Material supplied
"""
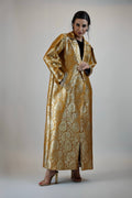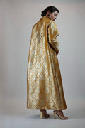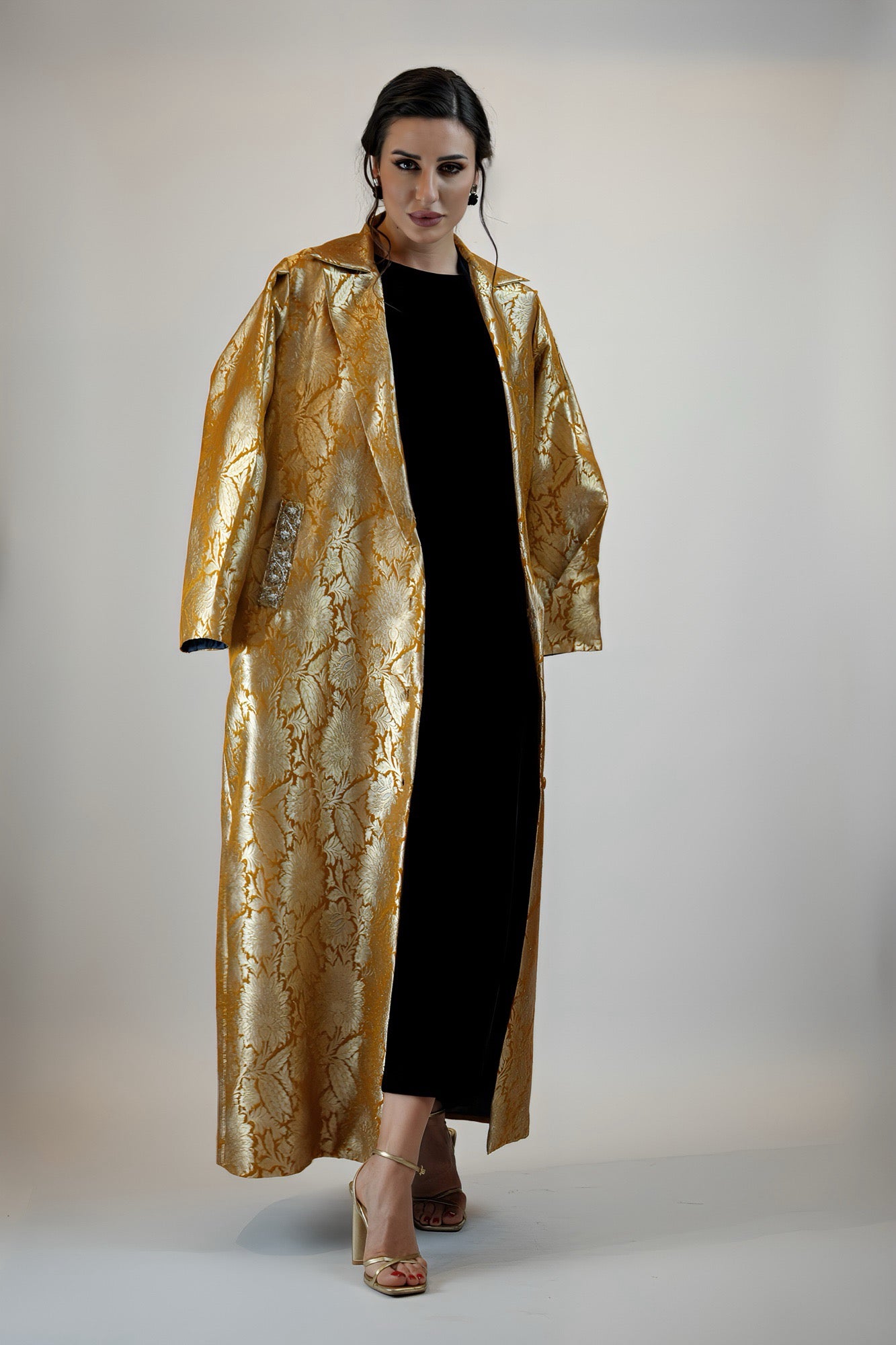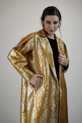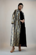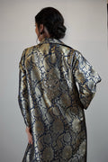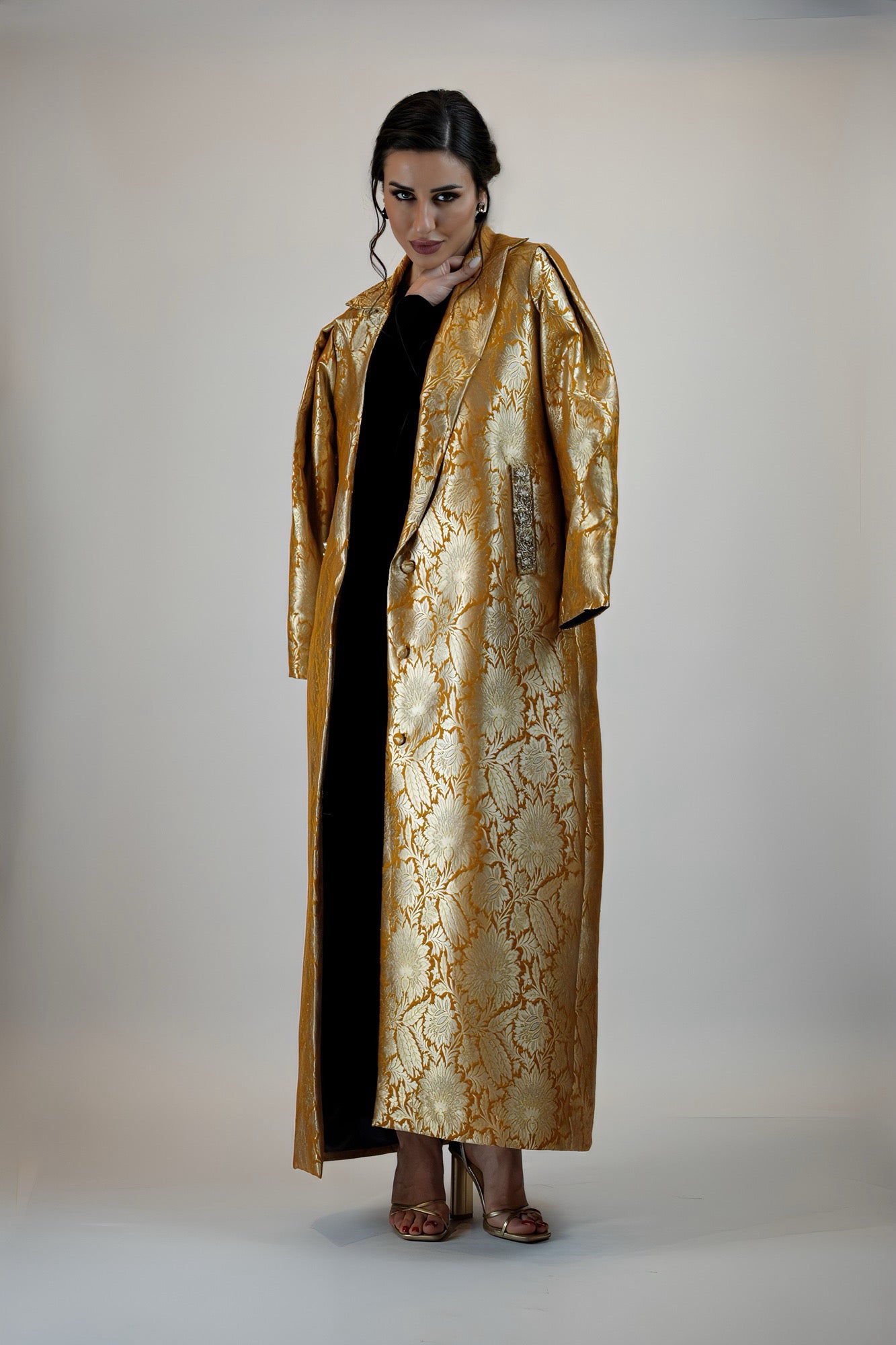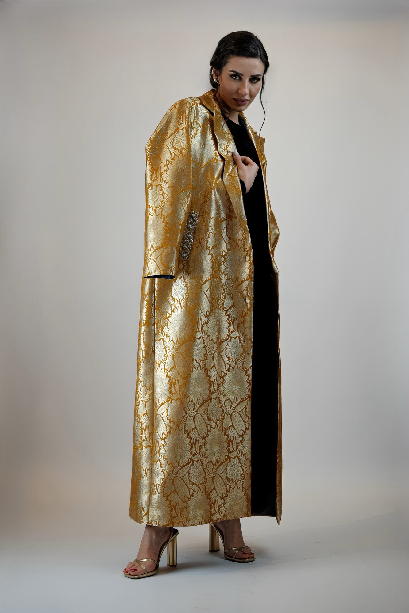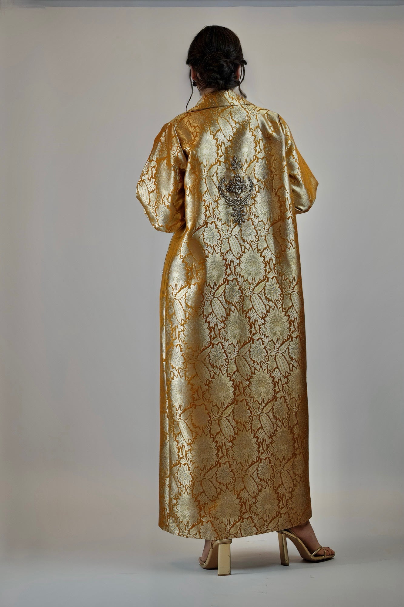 High fashion long blazer jackets in a traditional Atlas fabric giving it sheer fusion vibe. Contrasting inner adds interest to the design with intricate dapka handwork finishing the whole look beautifully.
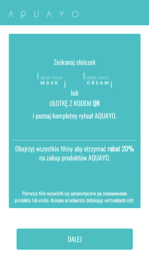 Aby uruchomić doświadczenie będziesz potrzebować produktu AQUA FACE MASK, AQUA FACE CREAM lub dołączanej do nich ulotki.
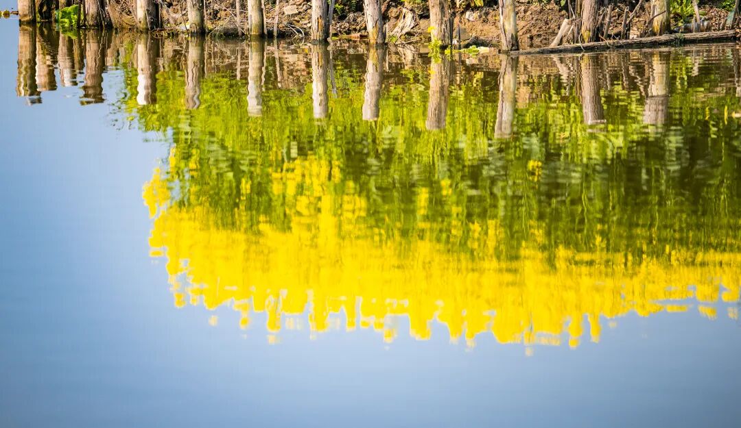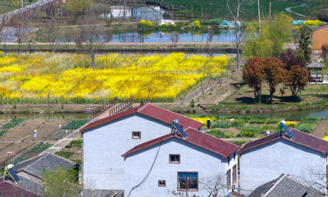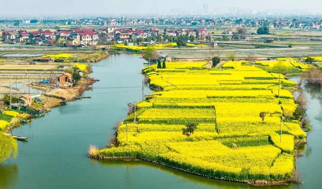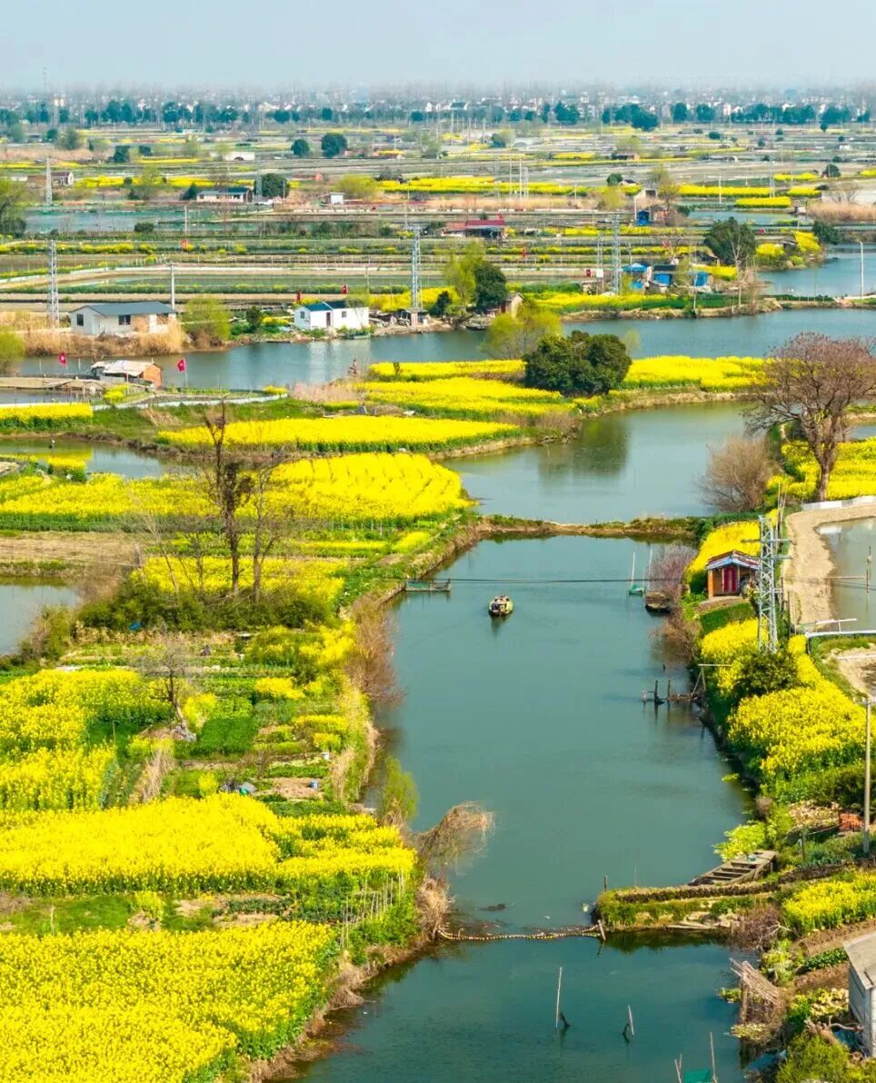 这里的油菜花田,不是连绵不绝的一望无际,而是被纵横的水网温柔地切割。水绕着花,花映着水。站在岸边望去,金黄色的花海倒映在清澈的河水中,天光云影共徘徊。
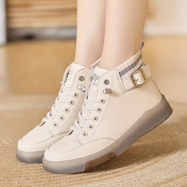 Women's Comfortable Breathable Thick-Sole High-Top Casual Sneakers - All-Season Versatile Lace-Up Shoes with Fabric Upper, Rubber Sole & Metallic Eyelets for Casual Attire, Ladies Sneakers, Versatile Fashion Footwear, Durable Traction Footwear
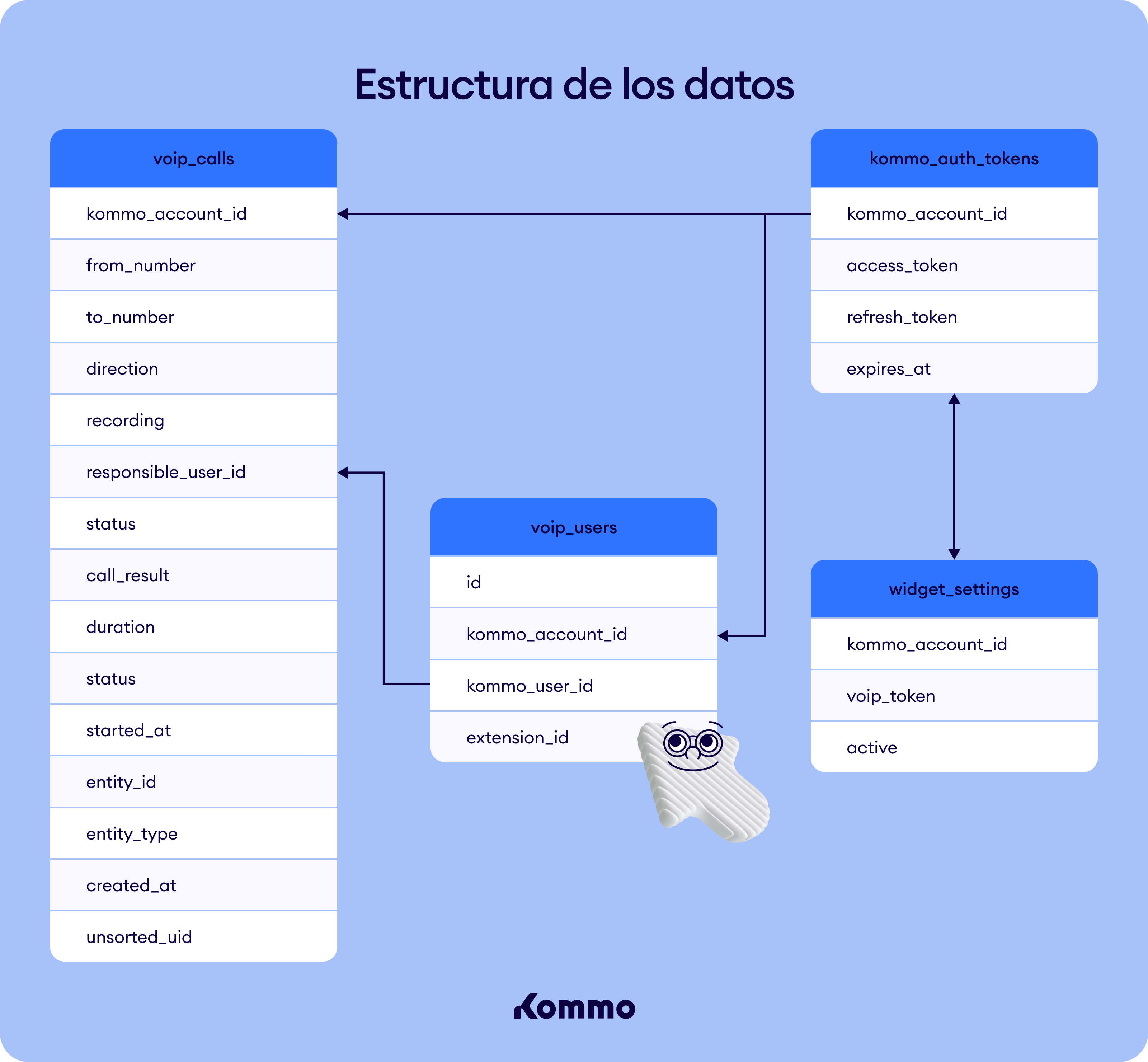 | kommo_user_id | Usuario de Kommo al que se le asigna una extensión. |
"""
Leave out the images and transcribe all the records exactly.

Output below
 High fashion long blazer jackets in a traditional Atlas fabric giving it sheer fusion vibe. Contrasting inner adds interest to the design with intricate dapka handwork finishing the whole look beautifully.
 Aby uruchomić doświadczenie będziesz potrzebować produktu AQUA FACE MASK, AQUA FACE CREAM lub dołączanej do nich ulotki.
 这里的油菜花田,不是连绵不绝的一望无际,而是被纵横的水网温柔地切割。水绕着花,花映着水。站在岸边望去,金黄色的花海倒映在清澈的河水中,天光云影共徘徊。
 Women's Comfortable Breathable Thick-Sole High-Top Casual Sneakers - All-Season Versatile Lace-Up Shoes with Fabric Upper, Rubber Sole & Metallic Eyelets for Casual Attire, Ladies Sneakers, Versatile Fashion Footwear, Durable Traction Footwear
 | kommo_user_id | Usuario de Kommo al que se le asigna una extensión. |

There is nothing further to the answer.